Topo

Nina Lemos

OPINIÃO

Texto em que o autor apresenta e defende suas ideias e opiniões, a partir da interpretação de fatos e dados.

Tabu até pra esquerda no Brasil, aborto é tema central de eleição nos EUA

GETTY IMAGES
Imagem: GETTY IMAGES

Colunista de Universa

10/11/2022 04h00

"Para boa parte dos eleitores, o assunto aborto foi fundamental na escolha do voto." Seria bom se essa notícia fosse sobre as recentes eleições brasileiras. Mas não. Trata-se das eleições de "meio do mandato" nos EUA, quando parte do parlamento é escolhida.

Nessa eleição, considerada importantíssima, o aborto foi um dos temas principais não só pela importância que os eleitores dão ao assunto, mas também por parte de políticos poderosos, como, inclusive, o presidente do país, Joe Biden, que, junto ao partido Democrata, investiu pesado na campanha pela legalização.

O direito ao aborto seguro virou tema central nos Estados Unidos depois que a Suprema Corte do País derrubou a emenda que tornava o aborto legal em todo o país (alguns estados mantiveram o direito, outros não).

Com esse assunto sendo tão importante para eles, alguns estados aproveitaram para fazer plebiscitos que ampliaram e garantiram o direito ao aborto legal em estados como Vermont, Michigan e na Califórnia. Ao mesmo tempo, no conservador estado do Kentucky, o povo escolheu banir uma emenda que proibia totalmente o aborto no estado. Vitória para o movimento feminista e todos que acreditam no direito de escolha da mulher.

É impossível ler uma notícia dessas e não lembrar do Brasil, onde acabamos de ter eleições e pouco se falou de aborto. Ou quase nada.

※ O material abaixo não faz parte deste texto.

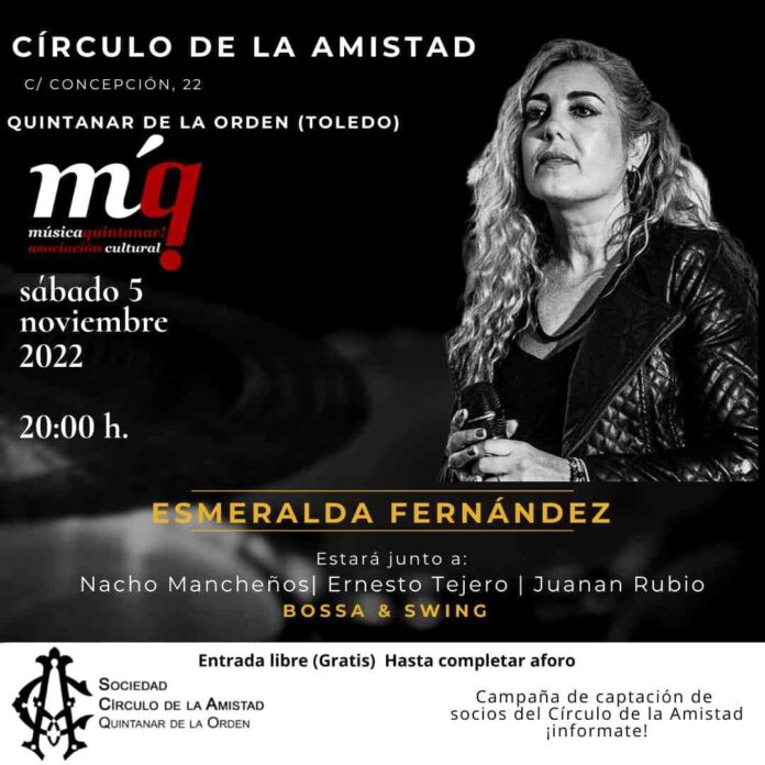 La Asociación Cultural Música Quintanar de la Orden (Toledo) celebrará su aniversario el próximo sábado, 5 de noviembre, con un gran concierto en el Círculo de la Amistad a cargo del grupo Bossa & Swing y la colaboración de la artista quintanareña Esmeralda Fernández a las 20.00 horas.

No Brasil, um assunto que é discutido em todo o mundo e que vira direito na maioria dos países da América Latina (Argentina e Chile, por exemplo, legalizaram o aborto recentemente) ainda é um grande tabu.

Em um momento em que o país teve uma grande virada para a extrema-direita, focada principalmente nas chamadas "pautas de costumes" (o que pode ser simplificado em falar que "aborto é um crime hediondo", que "educação sexual não pode ser ensinada na escola", por exemplo), nessa eleição, até os partidos de esquerda fugiram de temas "polêmicos" como o aborto.

Quem se ferra com isso de novo? As mulheres, principalmente as mais pobres, já que as de classe média sabem muito bem onde fazer um aborto ilegal no país e têm como pagar.

Nosso buraco é tão fundo que, em nosso país, atualmente o aborto é considerado praticamente um assunto de "extrema-esquerda". E, atenção, Joe Biden, por exemplo, nem é de esquerda. Ele é um centrista democrata.

Antes da campanha presidencial oficial, o então candidato Lula chegou a dizer que era a favor da legalização porque achava que a decisão era da mulher e foi duramente criticado, até por pessoas que se dizem progressistas, que viram na fala do presidente um erro "porque poderia ajudar a extrema-direita a ganhar". No fim, Bolsonaro perdeu, mas, sim, os valores de extrema-direita ganharam, já que o assunto pouco foi discutido na corrida presidencial.

Resultado: não conheço nenhuma mulher que tenha esperança de que o aborto seja finalmente legalizado no Brasil no novo governo. Isso é deprimente. Inclusive porque, na maioria dos países do chamado "mundo civilizado", o aborto seguro é um direito antigo e garantido. Mas como aprovar o aborto com Damares Alves no Senado e com até os progressistas falando que falar sobre aborto é "perigoso"? Difícil.